Exercise prompt: Only the lines from the one containing "康楠同志首先带领孩子们来到第" through the end of the data below are to be repeated, exactly as given, without pictures.

Data extract:
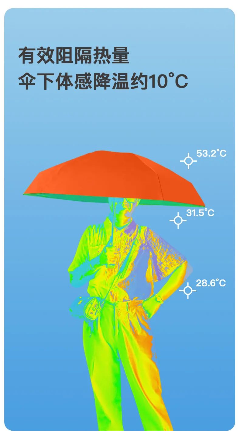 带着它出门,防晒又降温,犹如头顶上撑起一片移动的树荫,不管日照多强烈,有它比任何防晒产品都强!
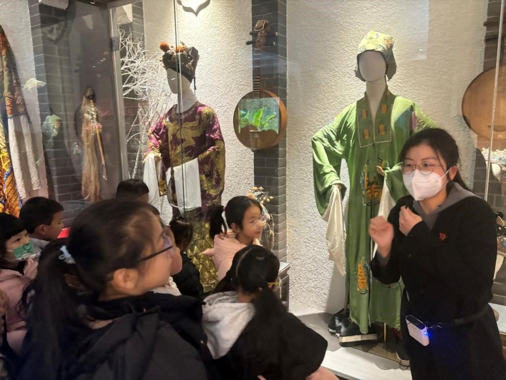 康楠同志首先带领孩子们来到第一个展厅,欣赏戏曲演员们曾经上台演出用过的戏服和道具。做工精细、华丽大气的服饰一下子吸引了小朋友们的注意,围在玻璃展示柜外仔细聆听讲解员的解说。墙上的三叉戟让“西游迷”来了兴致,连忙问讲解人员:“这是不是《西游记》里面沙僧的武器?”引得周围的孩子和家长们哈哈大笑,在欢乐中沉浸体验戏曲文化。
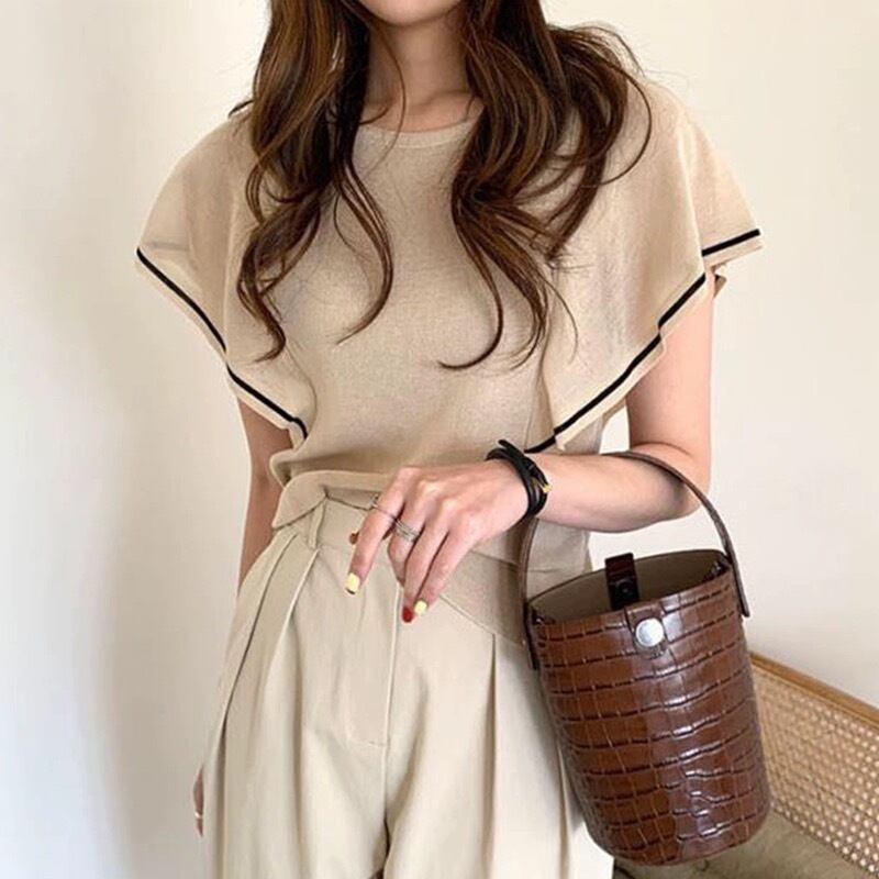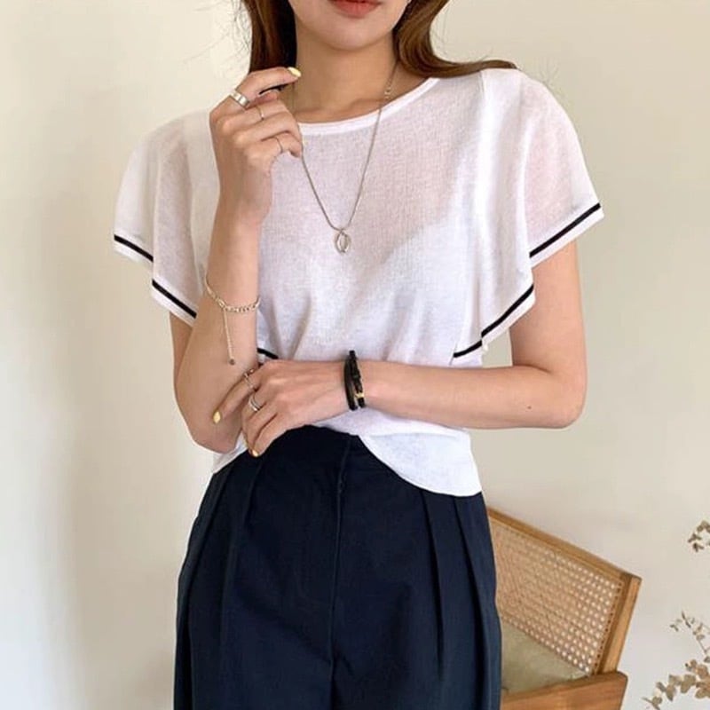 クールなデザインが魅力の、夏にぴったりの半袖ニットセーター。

Response to this task:
 康楠同志首先带领孩子们来到第一个展厅,欣赏戏曲演员们曾经上台演出用过的戏服和道具。做工精细、华丽大气的服饰一下子吸引了小朋友们的注意,围在玻璃展示柜外仔细聆听讲解员的解说。墙上的三叉戟让“西游迷”来了兴致,连忙问讲解人员:“这是不是《西游记》里面沙僧的武器?”引得周围的孩子和家长们哈哈大笑,在欢乐中沉浸体验戏曲文化。
 クールなデザインが魅力の、夏にぴったりの半袖ニットセーター。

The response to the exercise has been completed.